UVSC BYU U of U etc was"Software Engineering
brailsmt at yahoo.com
Tue Feb 20 15:06:51 MST 2007
Dangit, I thought this thread died already. I can sum up all the arguments like this:
1) UVSC is not a school for morons that we all thought it was.
2) BYU CS department is worthless.
3) UofU graduates drop off the face of the planet after graduation.
Anyway, you went to the school you went to for whatever reason you had at the time, make the best of it. I am happy with my education.
Heck, I have a DeVry graduate friend that is probably more competent than most on this list, myself included. I mean if even DeVry can produce really good engineers, maybe good engineering has more to do with the individual than with the school.
<disclaimer>If you haven't figured it out yet, there is quite a bit of sarcasm in this post.</disclaimer>
----- Original Message ----
From: Levi Pearson <levi at cold.org>
To: Provo Linux Users Group Mailing List <plug at plug.org>
Sent: Tuesday, February 20, 2007 2:57:55 PM
Subject: Re: UVSC BYU U of U etc was"Software Engineering
Dave Smith <dave at thesmithfam.org> writes:
> When you say that MIT's CS program is grounded in practical
> applications, are you referring specifically to the fact that a
> student can complete the MIT CS program without coding anything except
> Lisp? Because that's what came to my mind. Grounded in practical
> applications? I don't think so. Valuable? Absolutely.

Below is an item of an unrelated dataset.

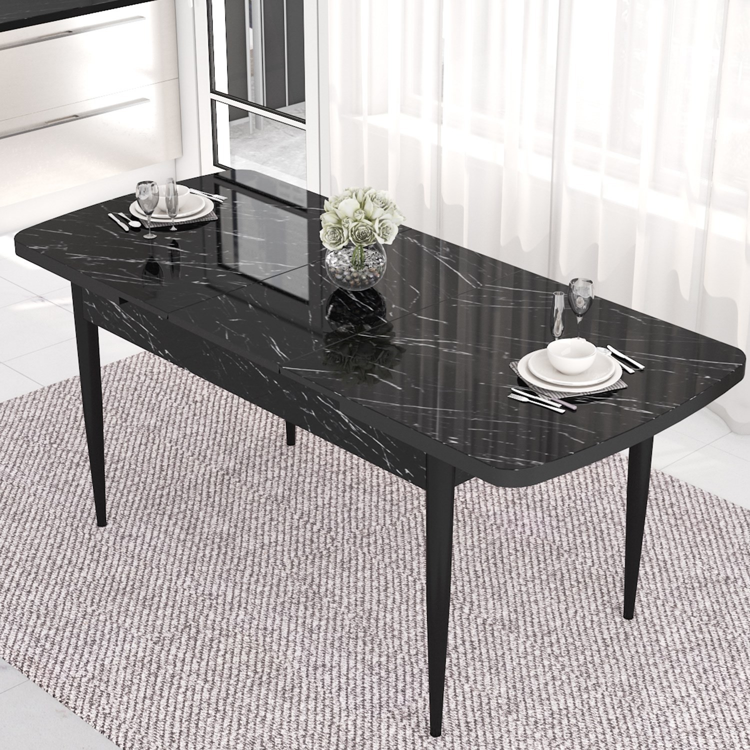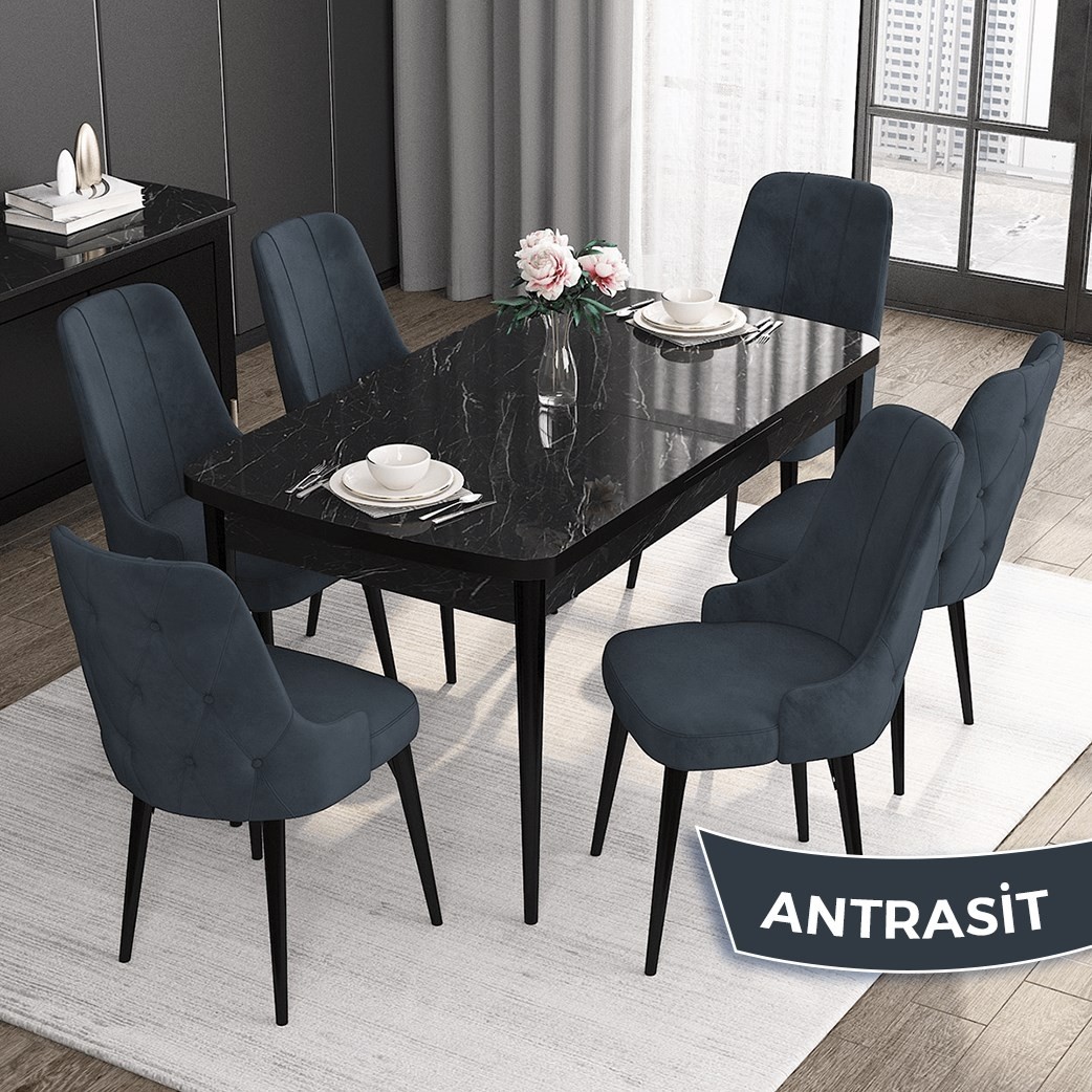 ROY SERİSİ SİYAH MERMER DESEN AÇILABİLİR MUTFAK MASASI VE SANDALYE TAKIMI

I meant this: http://web.mit.edu/facts/mission.html
"Rogers stressed the pragmatic and practicable. He believed
that professional competence is best fostered by coupling teaching and
research and by focusing attention on real-world problems. Toward this
end, he pioneered the development of the teaching laboratory.
Today MIT is a world-class educational institution. Teaching and
research--with relevance to the practical world as a guiding
principle--continue to be its primary purpose."
What, in particular, do you find impractical about Lisp? Are Lisp
programs not REAL programs? When a Lisp program finds the solution to
a problem, is that solution invalidated by the language? Anyway, I
doubt that you can get through the MIT CS program today without
learning more than Scheme. The intro to programming course will be
switching to Python soon, anyway. Is that practical enough for you?